So, clearly, we approve. We’re proud of their efforts and accomplishments, and we trust the learning will put them in a good place for enjoyable ways to support themselves and their families in the decades to come.
But, while the degrees are good mileposts in their lives, I’m more concerned with their virtues than their knowledge. Learning is good, when combined with faithful following of God’s laws. It can make you better able to serve, and to be a happier person.
So I was attuned to thinking about higher education as I came across a few things recently.
I read an interview with Dennis Prager, about why the Ten Commandments are still the best moral code. Since that’s an assertion I make in the Civilization portion of the Spherical Model, I was interested in what he said. One of his discoveries, during college years, was that if there is no God, there is no wisdom. He said,
Without God, there are no moral truths. There are only moral opinions. There are good atheists, there are bad religious people. Everyone who has eyes to see and ears to hear knows that. If an atheist has similar opinions to the Ten Commandments, I breathe a sigh of relief. But that’s irrelevant to the question of whether there is moral truth if there is no moral God. When I debated at Oxford, I debated an atheist professor of philosophy on this very issue. The first thing he said was, “Dennis Prager is right, if there is no God, ethics are subjective.”
Prager added this comparison:
It is as if a man or a woman who has been trained their whole life in medicine sees some unbelievably obvious sign of skin cancer and just says, “This person has this lesion on his skin” and then describes every cancer symptom but not once mentions cancer. Nor does the oncologist note that the patient had been a lifeguard for 15 years, standing under the sun with their skin exposed to the sun all that time. And that’s not even as absurd as this professor not mentioning the absence of God and religion. It shows you how deep the rejection of God is in academia that you could see all the symptoms of absence of God and not mention God.

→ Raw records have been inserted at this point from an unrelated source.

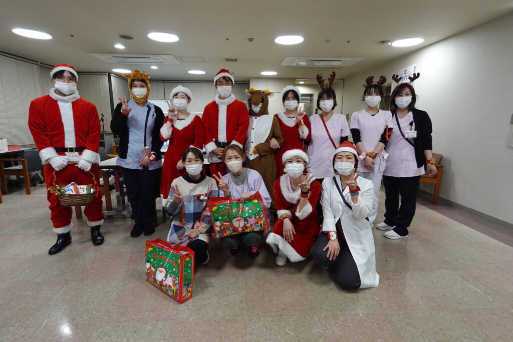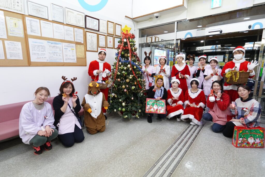 12月10日、当院では毎年恒例のクリスマス会を行いました。これは、昼の部と夜の部にわかれ、職員がサンタさんやトナカイさんに扮して、ご来院された患者様やご家族様に、プレゼントをお配りするという催し物です。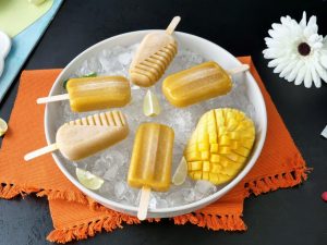 In popsicle moulds,pour blended mixture and freeze overnight.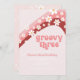 Retro inspirou Groovy no terceiro convite de aniversário com margaridas ao estilo 70 e fontes boho e arco-íris,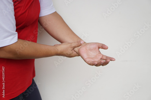 Closeup of male arms holding his painful wrist. Concept : wrist symptomatic Office Syndrome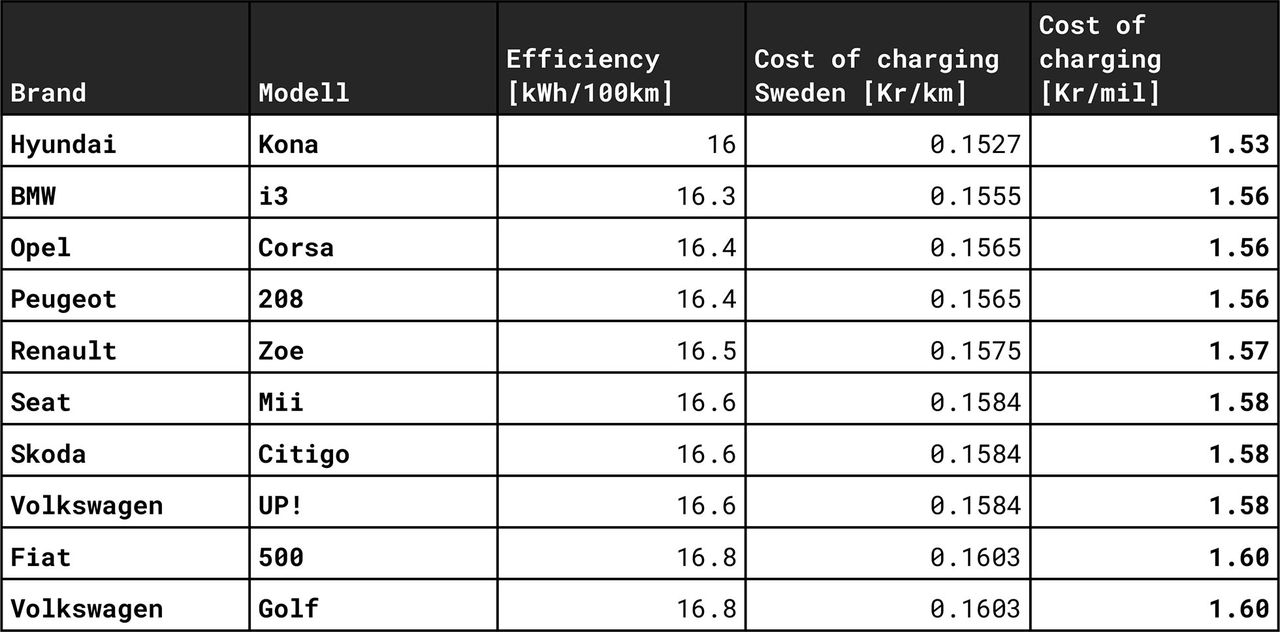Överst på listan över de mest energieffektiva bilarna landar Hyundai Kona. Den kostar 1,53 kr per mil, vilket gör att sträckan mellan Stockholm och Göteborg på omkring 470 kilometer landar på en energikostnad på 72 kr.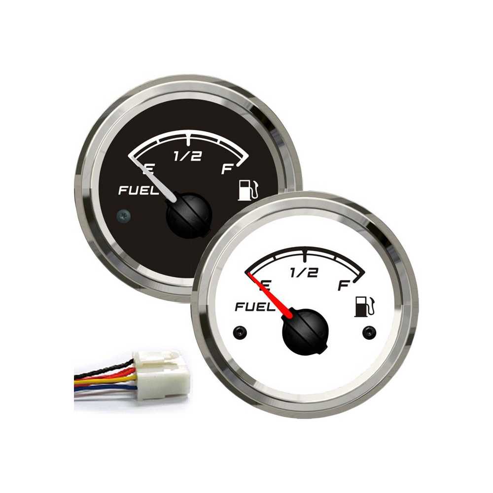 Strumento indicatore livello serbatoio carburante, funzionante a 12/24V, 10-180 Ohm. Stagno IP67. Modello XLine. Colore Bianco o nero. Ø incasso 52 mm.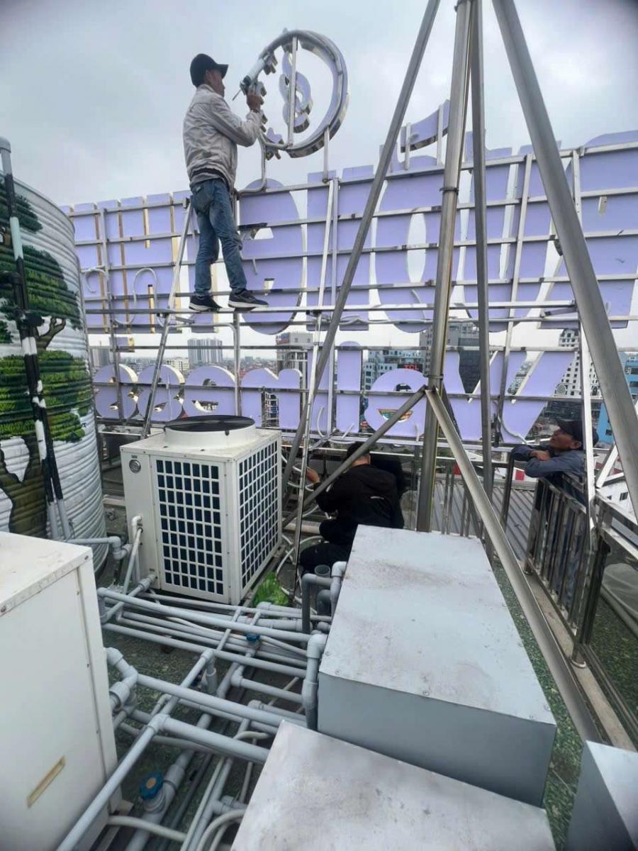 Việc lắp đặt biển hiệu công ty trên cao đòi hỏi kỹ thuật gia cố khung xương và quy trình an toàn lao động nghiêm ngặt.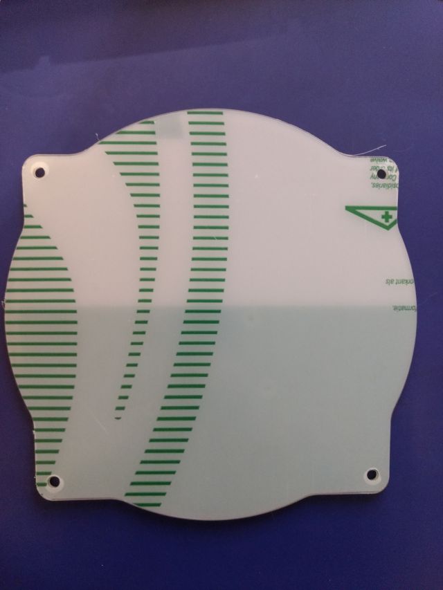 hier ein Foto von der HPN Plexiglasscheibe. Bitte nicht wundern. Da sie noch nicht verbaut war, ist immer noch die Schutzfolie drauf. Sieht irgendwie aus, wie ein Katzenkopf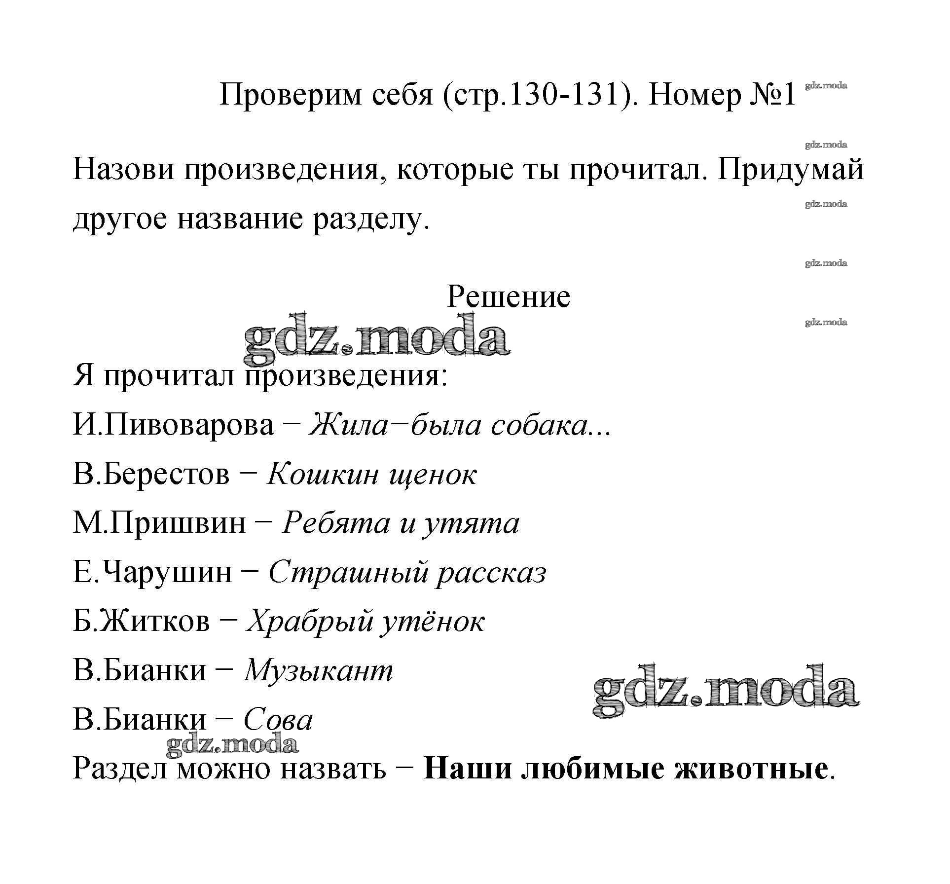 ОТВЕТ на задание № 130 Учебник по Литературе 2 класс Климанова Школа России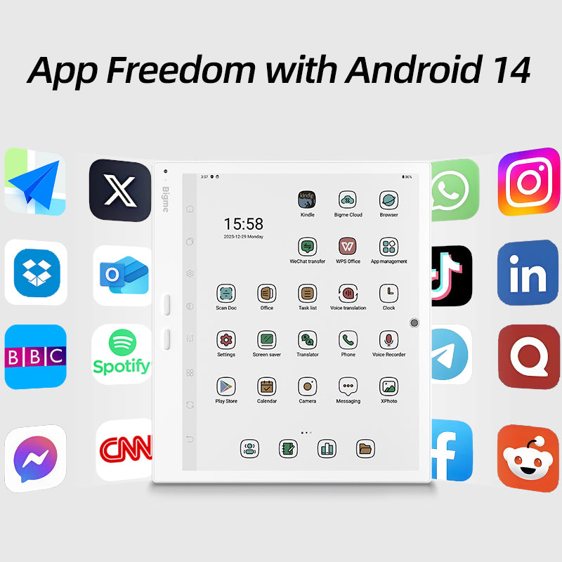 Powered by a robust octa-core processor and 8GB of RAM, the B10 handles everything from multitasking to everyday office tasks with remarkable ease. Whether you're juggling apps, managing projects, or simply browsing, everything runs smoothly and efficiently. With Bigme's advanced refresh optimization, every interaction feels instant and intuitive.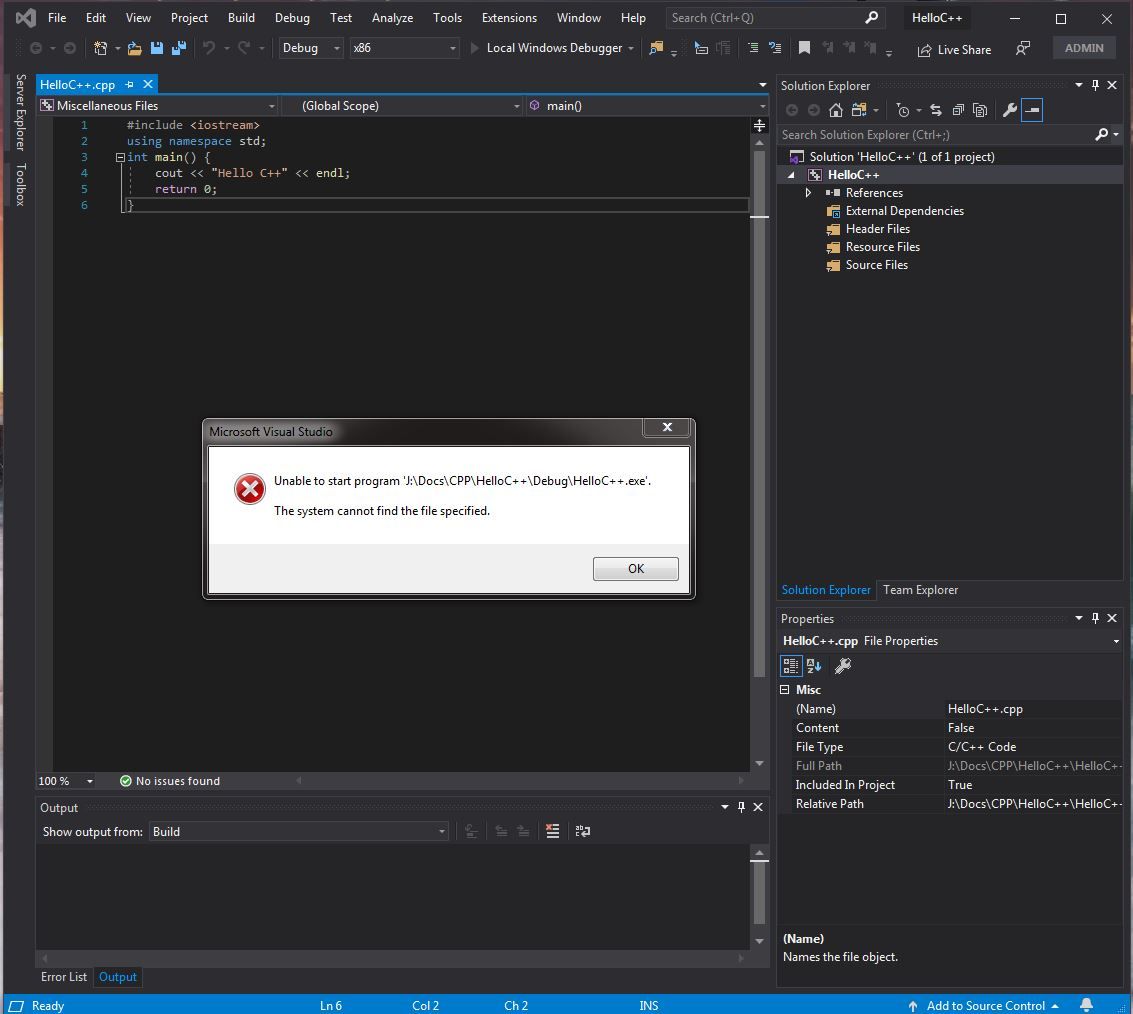 Въведах кода на HelloC++ и опитах да я пусна (първо с Ctrl+F5, а след това пробвах с бутона във VS) - и в двата случая получих съобщение за грешка (конзолата не се отваря, прозореца й само премигва за част от секундата).

Prager and the interviewer go through the Ten Commandments in turn. When dealing with “Thou shalt have no other Gods before me,” he mentions education as a substitute for God:
Take education, for example. Education is magnificent. That’s the reason it’s a false God—because it is so wonderful and so valuable. But education as an end in and of itself produces well-educated barbarians. I’ll give you a very dramatic example. In 1941, there was a conference at Wannsee, outside of Berlin. The Wannsee Conference was where the Nazis decided to exterminate the Jews of Europe. There were 14 high-ranking Nazis there, deciding on the genocide of the Jews. Of the 14, seven had Ph.D.’s. That should be sobering.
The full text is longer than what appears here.